В разговоре о постмодернизме коснёмся тех его аспектов, которые, наверное, наиболее естественным образом прижились в литературе, часто изображающей природу человека изначально податливой соблазнам: космическим – «будете как боги, знающие добро и зло», и косметическим – «ты этого достойна». Постмодернизм в русскую литературу вполз незаметным искусителем, но двадцать лет назад открыто заявил писателям: «Я пришёл дать вам волю! Берите постмодернизма сколько сможете!» – пишите, что хотите и как хотите – по обстоятельствам.
Последние годы показали, что наш постмодернизм питает культура обстоятельств, покоящаяся на феномене древнем, как и сама цивилизация: на соперничестве трудного с лёгким, медленного с быстрым, сложного с простым. Иначе – на соперничестве между удивительными достижениями культуры и нашей апатией, тягой к расслаблению.
Расслабились: в мире и о мире «уже всё сказано», «культурная опосредованность» или цитата есть верное средство сообщения. Но не надо забывать – цитирование тоже творчество, а не гарантия успеха. Желая напоминанием о «слезинке ребёнка» оросить сухие сердца и уповая на авторитет Достоевского, легко упустить из виду, что речь о «слезинке» вёл нравственно сомнительный персонаж Иван Карамазов, мастер подмены понятий.
Почву постмодернистского произведения, слоистую породу цитат питает «хаотизация представлений о мире». В статье «Есть хаос – есть постмодернизм» («ЛГ», № 5 от 8 февраля 2012 г.) В. Даниленко пишет, что хаотизация доходит до «подлинно постмодернистского накала», когда повествование ведётся от лица психически ненормальных людей, и аргументированно указывает на «Школу для дураков» Саши Соколова, на «Русскую красавицу» В. Ерофеева, на «Чапаева и Пустоту» В. Пелевина.
Психически ненормальный человек в русской литературе не новичок. Он, будто воплощённое слово вдруг, привлекает писателя и читателя непредсказуемой волей совершать неимоверное, многим недоступное даже в мыслях. Футбольные фанаты для своего «коллективного бессознательного» находят выход на стадионе. У читателей постмодернистских творений это случается за книгой: смазав опостылевшую «карту будня», автор увлекает их в хаотическое пространство ирреального. Грань нормы и патологии порой неуловима, игра слов и бред не всегда различимы и специалистами. Но что-то всё же отличает словесный хаос «ненормального персонажа» от экспрессии «нормального писателя»? Ясное распределение света и тени. Этот закон искусства неизменен, что бы там ни провозглашали манифесты отрицания.

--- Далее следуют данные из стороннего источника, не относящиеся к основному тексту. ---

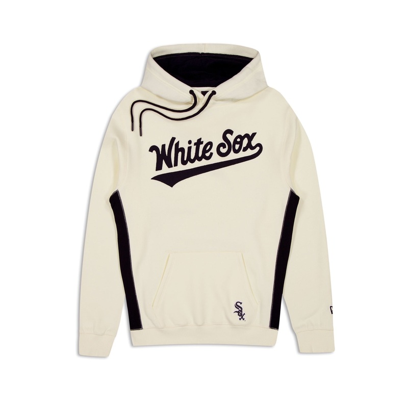 The Chicago White Sox Ballpark Classics Hoodie features an embroidered White Sox wordmark at the chest with a team logo screen-printed at the kangaroo pocket and team color details throughout.Fabric: 67% cotton, 33% polyester
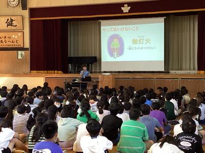 校長先生からは,火災の時に発生する煙の怖さについてや日頃から放送等をしっかり聞く準備の大切さについて話がありました。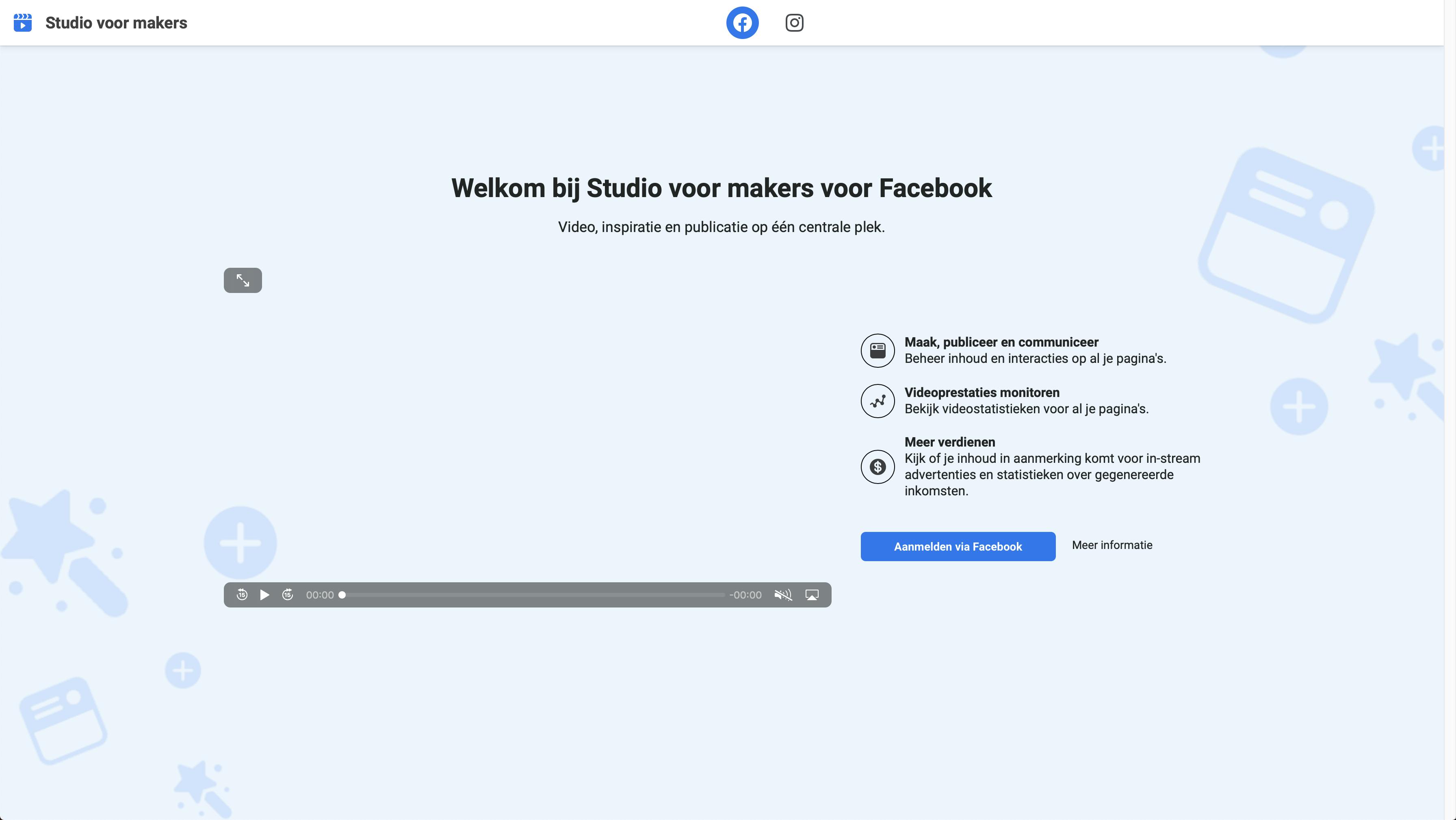 De centrale plek waar je berichten voor zowel Facebook als Instagram kunt inplannen, heet Studio voor makers. Je vindt de studio op www.tiny.cc/crestu, klik op Aanmelden via Facebook en je belandt bij het dashboard van waaruit je berichten kunt plaatsen of inplannen.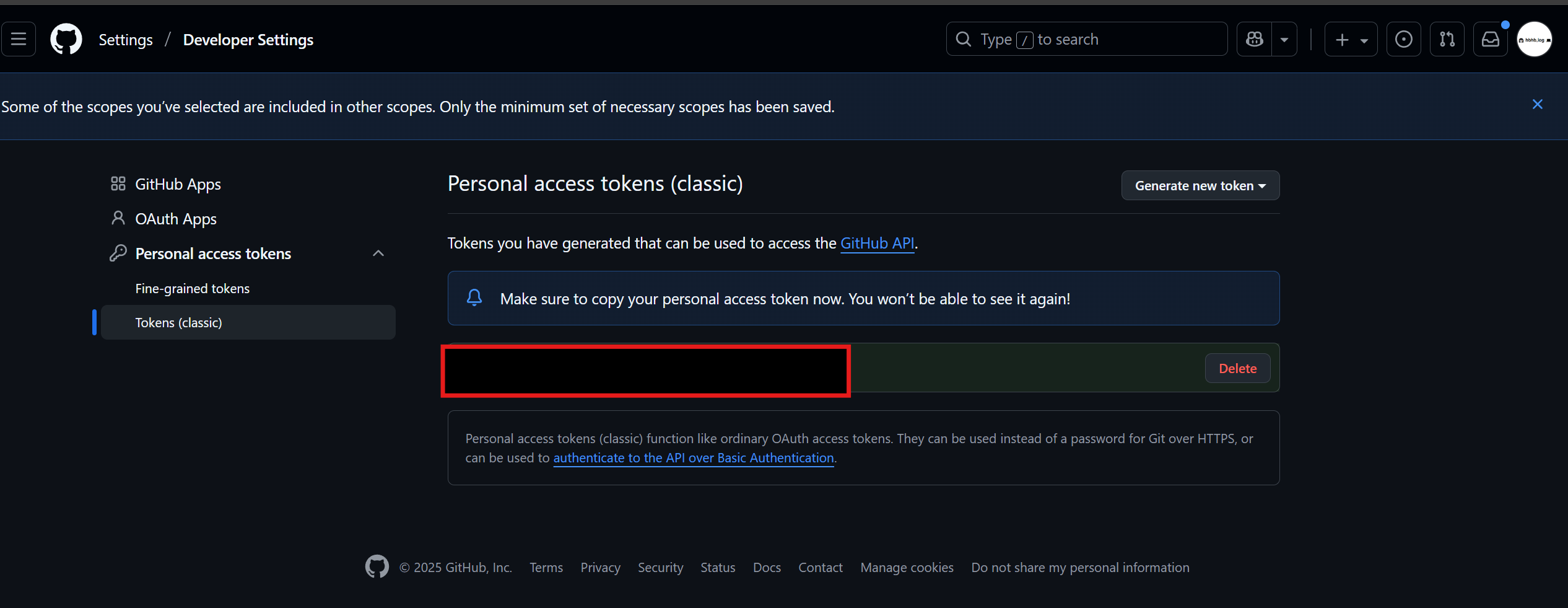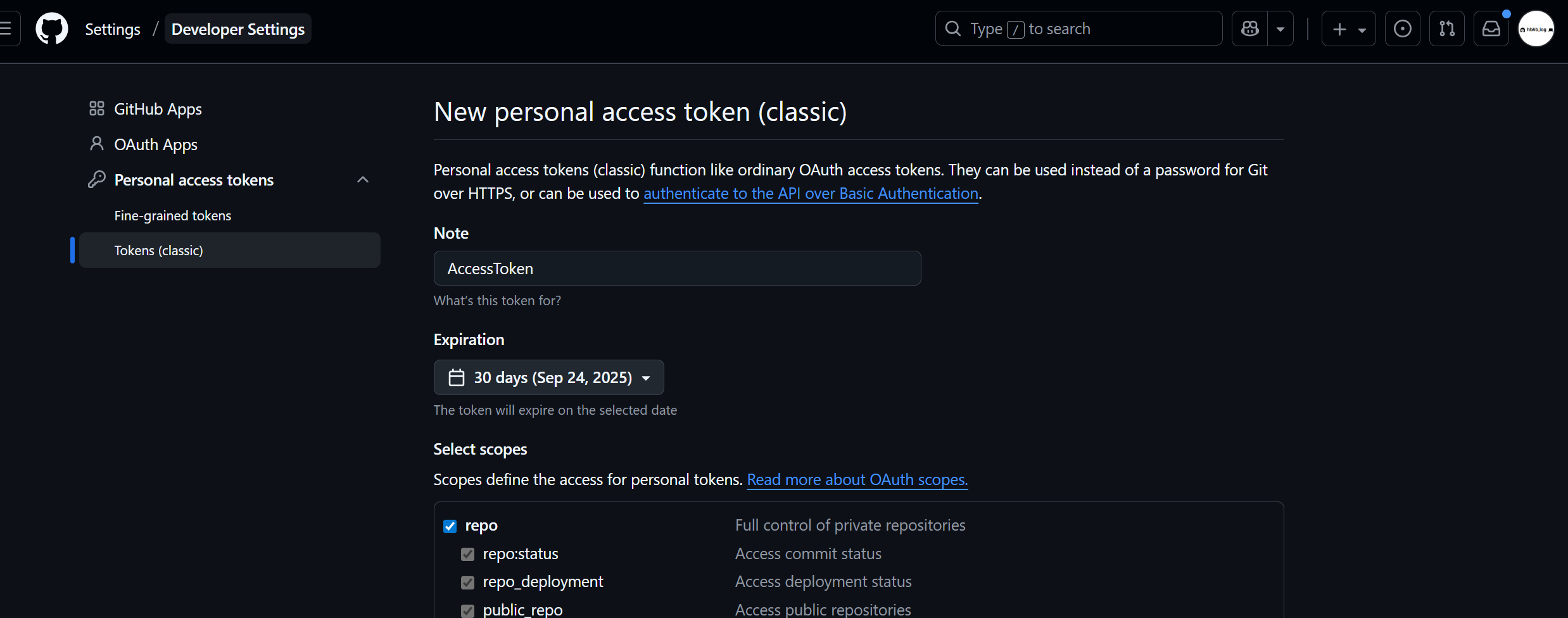 2단계 : API 액세스 토큰 생성 : 대시보드 오른쪽 상단 사용자 아이콘 → Settings 메뉴 선택 → 설정페이지에서 Developer Settings 클릭 → 깃허브 Apps 페이지 → Personal aceess tokens → Tokens > Generate new Token → Generate new Token (classic)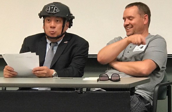 Me? I’ve worked with Mike for years but have never met him in-real-life. This caused much confusion/consternation from almost all the attendees as both of us are labeled as “black clouds” and magnets. So in the name of safety, I took the extra precaution in protecting myself.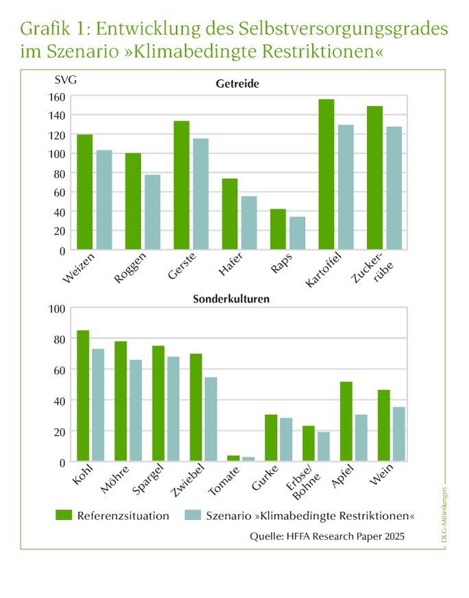 Eine Studie der HFFA Research GmbH quantifiziert, wie stark sich klimatische Veränderungen und der Wegfall von Pflanzenschutzwirkstoffen auf die Selbstversorgung mit wichtigen Agrar- und Sonderkulturen auswirken könnten. Die Ergebnisse zeigen: Während sich die Klimarisiken über längere Zeiträume schleichend manifestieren, kann die regulatorische Verknappung unmittelbar zu massiven Produktionseinbrüchen führen.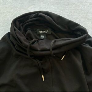 Jones & Co Black Tunic 2X Cowl Neck Buttery Soft Drawstring Long Sleeve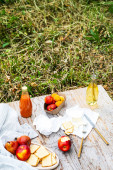 Jabłka, ciasteczka, butelka białego wina, Kanapki, kapelusz i okulary przeciwsłoneczne na kocu. Koncepcja piknikowa na zielonej trawie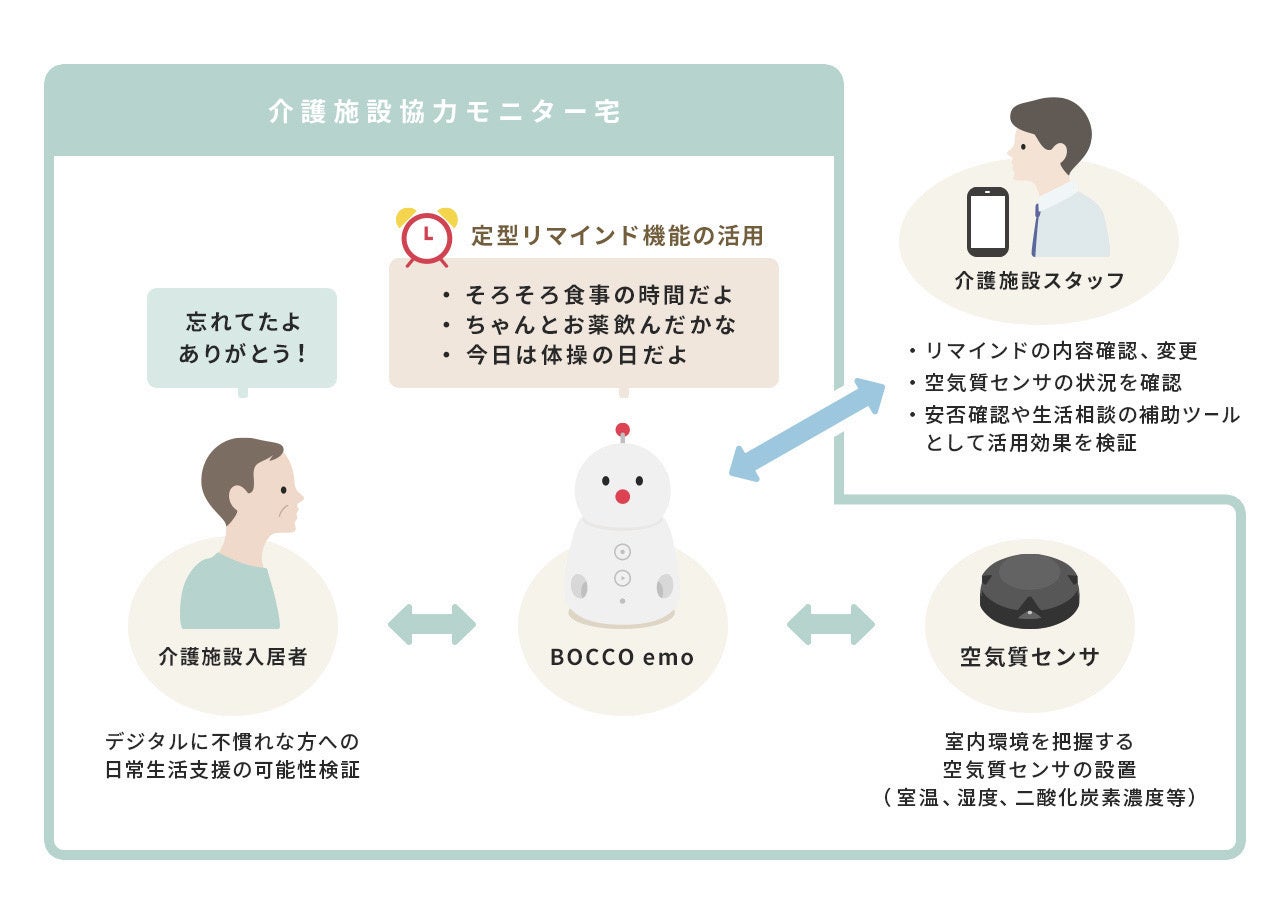 - 具体的には、10 名が入居する各居室にロボットとセンサーを設置し、居室内の環境をセンサーでモニタリングするとともに、ロボットから入居者に服薬や室温管理・換気、水分摂取などの声掛けを行う。また、居室の温度・湿度などを可視化し、スタッフが室内環境を把握できるようにする。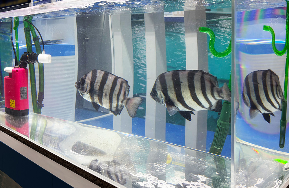 特に、いけす水槽は活魚の新鮮さをアピールするのに最適で、前回の2024年の事例では幼魚のイシダイを展示しました。

Хаос необходим настолько, насколько свет нуждается в тени, чтобы было что прояснять. Слово – тот же самый свет, оно служит «для отвода глаз» – от себя к вещам. А что происходит со словом у признанного мастера хаотизации мира Хармса?
И Андрей Семёныч содгыр
Однорукий сдыгр аппр
Лечит сдыгр аппр устр…
Игра в остранение чувств, предметов и существ может так увлечь человека, что он (Хармс) однажды скажет о себе: «Меня интересует только «чушь»; только то, что не имеет никакого практического смысла. Меня интересует жизнь только в своём нелепом проявлении. Геройство, пафос, удаль, мораль, гигиеничность, нравственность, умиление и азарт – ненавистные для меня слова и чувства». Писатель из оппозиций свет–тьма исключает свет.
Примерно в это же время, когда Хармс написал «Историю Сдыгр Аппр» (1929), из среды швейцарских психиатров до пишущих дошла следующая истина: если бы все люди были нормальны, мир задохнулся бы от посредственности. Это откровение до сих пор вдохновляет /соблазняет некоторых писателей, считающих ненормальность и сознательное стремление к хаосу чем-то основополагающим в творчестве.
«Бурцов открыл журнал:
– Длронго наоенр крире качественно опное. И гногрпно номера онаренр прн от оанренр каждого на своём месте…
Он опустился на стул».
Фрагмент «Нормы» В. Сорокина вполне воспринимается прозаическим продолжением истории Хармса.
Конечно, приведённое выше – творчество. Только особого рода.
«Бред может и должен рассматриваться как проявление патологического творчества», – утверждает профессор М. Рыбальский. Между тем продвинутые читатели не видят в таком творчестве патологий, считая его «внутренним бунтом против абсурда тоталитарного режима». Игра в безрассудность оправдывается убеждением, что в абсурдном мире можно выжить, противопоставив ему собственный абсурд. Воспринять жизнь как абсурд – значит заставить себя отвлечься от сознания трагедийности собственного бытия. Абсурд, нонсенс, ненормальность во многих проявлениях смешны в конце концов, тогда как трагедия к юмору не располагает, а постмодернизм требует смеха, иронии.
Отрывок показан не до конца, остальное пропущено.